Spécialiste des questions de l’éducation, le Docteur en sociologie Vasséko Karamoko invite les femmes à se faire entendre.

Publié le 8 juin, 2020

Spécialiste des questions de l’éducation, le Docteur en sociologie Vasséko Karamoko invite les femmes à lutter et à faire entendre leur voix au près des pouvoirs publics pour changer le regard de la société sur la femme monoparentale. Interview.

Avez-vous en tant que sociologue déjà réalisé une étude sur les femmes monoparentales ?

Je n’ai pas réalisé d’étude. Cependant il y a une de nos étudiantes qui a travaillé sur les recompositions familiales, une autre forme de vie familiale.  Là-dedans on a pu constater que la marge, le pourcentage au niveau de la monoparentalité a évolué et continue d’évoluer dans le temps et dans l’espace compte tenue de nos sociétés et des perceptions que les acteurs se font.

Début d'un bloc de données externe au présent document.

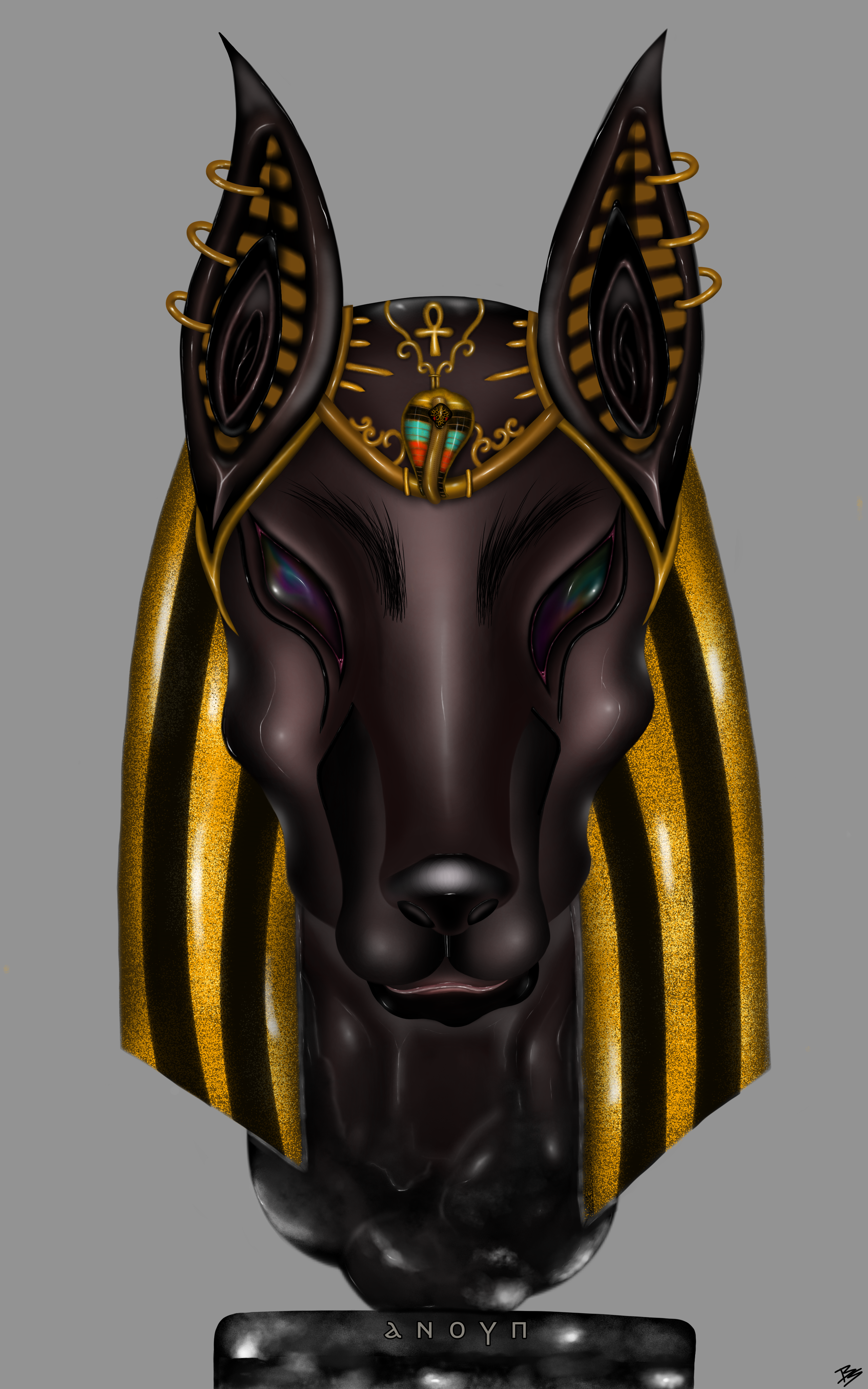 He is the God of the Necropolis Anubis guardian between the world of the living and the world of the dead, the guardian of "Bel Occidental" the land of the dead, he welcomes the souls and mummifies them to make them eternal by purifying their hearts erasing all corruption from the world of the living.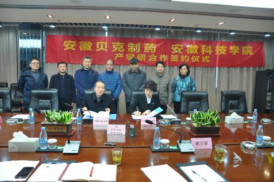 会议结束前夕,双方代表签署了安徽贝克制药-爱体育手机官方网站_爱体育(中国)产学研合作协议。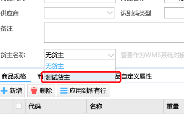 2、商品资料内配置货主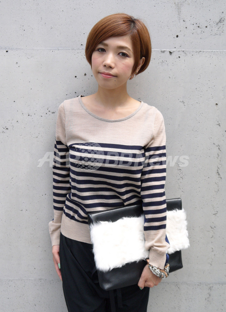 「ヒール主義で、 実は最近までフラットシューズには抵抗があった」と語るジェムプロジェクター(GEM projector)の尾花未来(Miki Obana)さんが普段愛用しているのは、「ハルミムトウ(HARUMI610)」のスリッポン。「ハルミムトウは、フェミニンなデザインで好きなブランド。このシューズは、グリッターのスリッポンにバッジが付いてメンズっぽ過ぎないデザインが気に入っています。実は同じ型でサテン地レオパードも持っています」と尾花さん。背面がシルク切り替えのボーダートップスとファーがアクセントのクラッチは東京ブランド「アンベル(AMBELL)」の新作だ。クラッチは付属のリボンを結んでショルダー使いもできる。

Existe-t-il des statistiques ?

Les statistiques à ma disposition ne viennent pas de cette recherche. Compte tenu de la structure et de la configuration de nos sociétés, dites sociétés de la modernité aujourd’hui, la monoparentalité fait partie des formes de vie familiale. Nous avons plus de 20% de familles monoparentales, en l’an 2005 contre 10% en 1982, selon les recherches de Jean- Hugues Déchaux dans son livre Sociologie de la famille. Ce livre nous donne une évolution très rapide de ce que la monoparentalité est en train de s’imposer comme une forme de vie familiale. On a pour exemple la famille conjugale écrite en 1960 par Emile Durkeime qui était le modèle de la première modernité. Aujourd’hui, nous sommes dans le contexte de la deuxième modernité où la monoparentalité tout comme l’homoparentalité (femme et femme ou homme et homme qui élèvent l’enfant). Ce sont des formes de vie familiales qui sont de plus en plus distinctes dans nos sociétés et qui ont tendances à faire disparaitre la famille traditionnelle, hétérogène femmes et hommes vivants sur un même toit. Il y a une évolution de toutes ses formes de vie familiale. 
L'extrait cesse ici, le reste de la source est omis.